Nature and Society
June-July 2008 edition
Book review:
“Peak Everything - Waking up to the century of declines”
Richard Heinberg
New Society Publishers, Canada 2007
214 pages. $45.95 hard cover.
Richard Heinberg’s first book on Peak Oil The Party’s Over was, for me at least, a significant book. His subsequent books on the subject, PowerDown and The Oil Depletion Protocol, were hardly less important. But often when I mentioned Peak Oil to people and expressed concerns about possible economic meltdown, they would reply: “Oh, but there’s plenty of coal”.
As the title of this, Heinberg’s latest book, suggests, well, it ain’t necessarily so. He argues that conventional oil production probably peaked in 2005-6 and natural gas will peak globally around 2010. But contrary to what we had believed, namely, that coal would last at current usage rates for another 200 years, recent studies have shown that coal will peak and begin to decline in a mere 10 to 20 years.
But, as he says, it doesn’t end there. This century we will see an end to growth and a decline in a number of parameters including population, grain production, uranium production, fresh water availability, arable land, wild fish harvests, and the yearly extraction of some metals and minerals such as copper and zinc.
In other words, as Heinberg notes, we are at the end of the period of greatest material abundance in human history, one that was based on temporary sources of cheap energy, and we are now at the beginning of overall societal contraction and simplification. It had to happen sometime, of course. Growth in population and consumption cannot continue unabated on a finite planet.
It need not be all doom and gloom, Heinberg insists. He reminds us of Ivan Illich’s 1974 book Energy and Equity that argued that inequality increases with the flow of energy through society. Hunter-gatherers, who lived on minimal energy flows, lived in societies free from economic inequalities. Thus, as energy declines, we might reasonably expect a more economically equal society.

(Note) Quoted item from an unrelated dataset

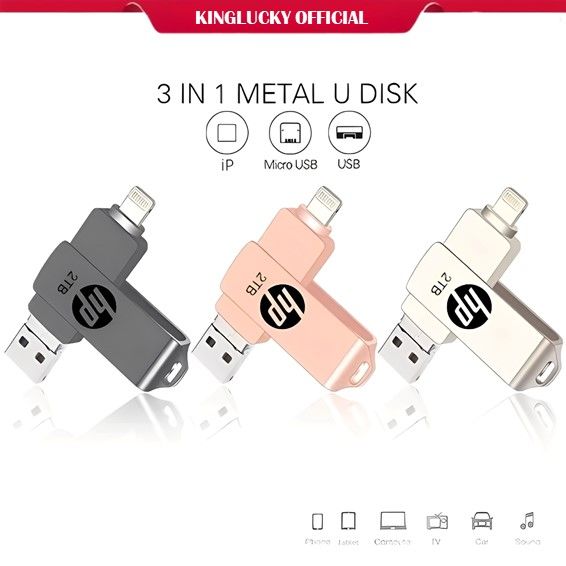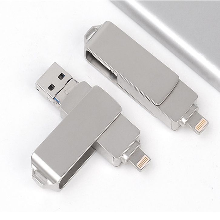 FlashDisk 3 in 1 IOS OTG USB FlashDrive 32GB 64GB 128GB 256GB 1TB Rotation PenDrive for iPhone/Android/PC[ISO+Micro+USB]
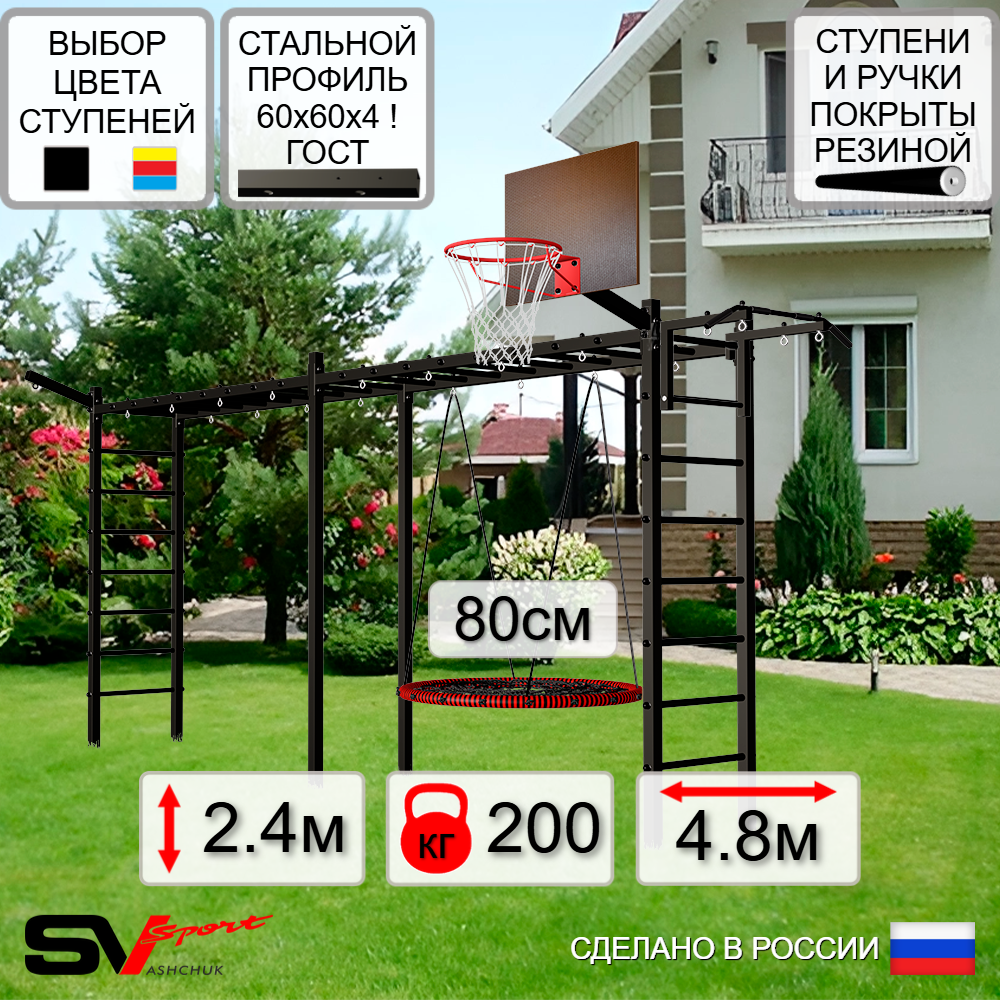 КОМПЛЕКТАЦИЯ: Каркас УШС Sv Sport Рукоход х 2, Турник Sv Sport стандарт к УШС, Качели - гнездо 80см, Щит баскетбольный Sv Sport c кронштейном к УШС Sv Sport, Кронштейн для подвеса боксерского мешка.

Indeed, a reversion to village life with extended families and local food production – but with a few modern frills such as global communications – could provide future generations with an existence that current generations would envy.
Heinberg concludes that our central survival task for the decades ahead is to make the transition away from the use of fossil fuels and ‘to do it as peacefully, equitably and intelligently as possible’.
There are, however, two problems whose potential consequences outweigh all others: climate change and energy depletion. If we do nothing about the former we will set off positive feedbacks, particularly the melting of the north polar ice cap reducing reflectivity and the melting of tundra and permafrost releasing methane, resulting in perhaps six degrees of warming and a largely uninhabitable planet. If we do not proactively reduce our reliance on oil, gas and coal ahead of depletion and scarcity, we could trigger economic collapse, famine, and war over remaining resources. As Heinberg notes, all that is required for these worst-case scenarios to materialise is for world leaders to do nothing.
So how do we achieve this great transition to an energy-depleted world? Heinberg says it will require ‘enormous adjustments on the part of every individual, family and community’ and if we are to make these adjustments successfully, then we need to plan rationally. We have to adopt strategies in nearly every area of human interest - agriculture, transportation, global war and peace, public health, resource management and so on.
In a later chapter, Population, Resources and Human Idealism, Heinberg elaborates on this axiom, arguing that if we want peace, democracy and human rights we must create the ecological condition for these things to exist, namely, a stable population at – or less than – the environment’s long-term carrying capacity.
This is another important, readable, authoritative book from Heinberg. Buy it, read it and share it around.